Thursday, August 18, 2016

Cancer and the Gardener from the Shire

The Proper Noun

Humans have been telling stories since the dawn of time and it is only natural we would want our lives to reflect the best parts of the stories we are told. This idea tends to cause people to genre their lives. You are living an adventure, experiencing a tragedy, enjoying a comedy, and so on.

When it comes to a chronic illness or looming disease, I find it interesting how those ideas of genre change. We say, "their cancer journey, his battle with MS, her struggle with depression" and we usually say it somberly as if we are hoping it is a secret even to the person experiencing it.Truthfully, at times it could be a secret to the ones suffering.

When I was diagnosed with cancer initially all I could think was, "This is now my life." I never thought I was going on a journey or some daring adventure but sometimes it turns out that way.


I love high fantasy so at times I am glad to think of my life with cancer as my adventure or even my quest. Good conflict in any story does less to hold the protagonist back and more to move them forward.

The Unwavering Companion

Ever journey has it's, fellowship if you will, of characters who are there for the main character. Some of these are only temporary and some are more permanent fixtures.
The same is true when going through cancer. You have people that are there for all of your burdens, there for just moments at a time but create strong bonds, and sadly those you have to leave behind. All these people mean something to your journey, even if it is just a little push you need that day.


During my first quest, my constant companion was my father. When I was first diagnosed, Tara and I had just gotten married a few months before the diagnosis and we had closed on our house mere days before I was to hear the words, "You have cancer." Tara was contracted out at the time and could not take leave to help me. Then things got worse, the company would not be renewing her contract and she was to lose her job. I of course couldn't work because not only was I going to Houston for one week, every two weeks; but the chemo was kicking my down hard.

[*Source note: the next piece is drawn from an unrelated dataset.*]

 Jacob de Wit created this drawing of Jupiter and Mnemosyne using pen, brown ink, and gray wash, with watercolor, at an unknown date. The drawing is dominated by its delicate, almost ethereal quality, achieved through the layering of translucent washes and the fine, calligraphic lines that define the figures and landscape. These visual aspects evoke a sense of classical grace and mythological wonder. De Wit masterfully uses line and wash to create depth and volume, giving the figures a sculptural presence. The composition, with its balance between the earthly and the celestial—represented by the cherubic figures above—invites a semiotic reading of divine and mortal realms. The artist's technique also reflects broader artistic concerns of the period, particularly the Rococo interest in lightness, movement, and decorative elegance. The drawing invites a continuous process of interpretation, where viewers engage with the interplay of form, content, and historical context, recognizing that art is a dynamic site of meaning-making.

My father was the Samwise to my Frodo, with me since the beginning. After my case was reviewed he and I set out on the first of many trips, just to get the results. In our minds, we would go to MD Anderson, they would give us their plan to bring home, I would do chemo at home and I would get better. We drive 5 hours, stopping only to use the bathroom, no food breaks straight to the doctor appointment. My oncologist delivered the blow that I was in a more difficult position than I hoped and the type of chemo I was to receive was so severe that only MD Anderson could do it because others had died on the same regimen.  I called Tara and we both hurt. I told her I would be home the next day after we stayed in Texas for the night. I sat in the passenger's seat to cry and feel sorry for myself  and feel asleep almost immediately. 

When I woke up to my dad getting off the interstate by my grandparents, I looked up to realize we were nowhere near their home, instead we were two hours in the opposite direction headed back to Covington. My dad knew I really wanted to be home but had just planned on staying so he could rest. My faithful companion and hero ended up driving what ended up being 13 hours that day because of construction with only a Snickers and a Dr. Pepper as nourishment. His selflessness helped me face Tara in a state of mind that wasn't totally broken and I knew with him by my side I could more easily face what lie ahead.

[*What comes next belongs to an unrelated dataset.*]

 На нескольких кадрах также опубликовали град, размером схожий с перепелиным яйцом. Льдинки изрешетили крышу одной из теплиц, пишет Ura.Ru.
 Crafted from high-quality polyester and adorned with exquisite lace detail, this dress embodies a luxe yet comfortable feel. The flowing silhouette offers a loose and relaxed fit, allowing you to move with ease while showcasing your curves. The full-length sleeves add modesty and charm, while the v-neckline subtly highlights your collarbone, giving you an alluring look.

So every two week we left strong together and came back both falling apart. We laughed together, prayed together, got tired of each other, enjoyed bonding when I was able, and got frustrated over the desire to go home together. I learned from this experience that when a child suffers, not matter how old they may be, their parents suffer right along side of them. I saw how each time a child is sick their parent would do anything to take that pain on for them. I know how broken and beaten down I got, somehow my father found the strength to carry me that last leg home.

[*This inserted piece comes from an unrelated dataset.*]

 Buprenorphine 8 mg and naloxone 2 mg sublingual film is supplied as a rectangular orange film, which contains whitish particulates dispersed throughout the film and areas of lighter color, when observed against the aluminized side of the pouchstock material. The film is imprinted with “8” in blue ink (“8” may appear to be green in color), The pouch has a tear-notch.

A Child's Heart of Thanksgiving

I am so grateful to my father for being my companion on my first quest. I love my dad for being so brave all my life. The man that carried me to bed as a child, then carried me again then I could barely move on my own. The man that helped me take my first steps as a toddler and then helped me take my first steps all over again when I was learning to walk with a prosthetic. The man who fought with the baby in the high chair to get food in my mouth, then fought with me to get me to eat anything in a lonely hotel room when my body just wouldn't take anything in.

I hope both my parents know how grateful I am for their love. For fighting by Tara and my side every step. I love them through the downs, through the triumphs and through the frustrations. God blessed me with wonderful parents and family.




1 comment:

  1. Matt,"I'll love you forever
    I'll like you for always
    As long as I'm living
    My baby you'll be."
    You are the wind beneath my wings.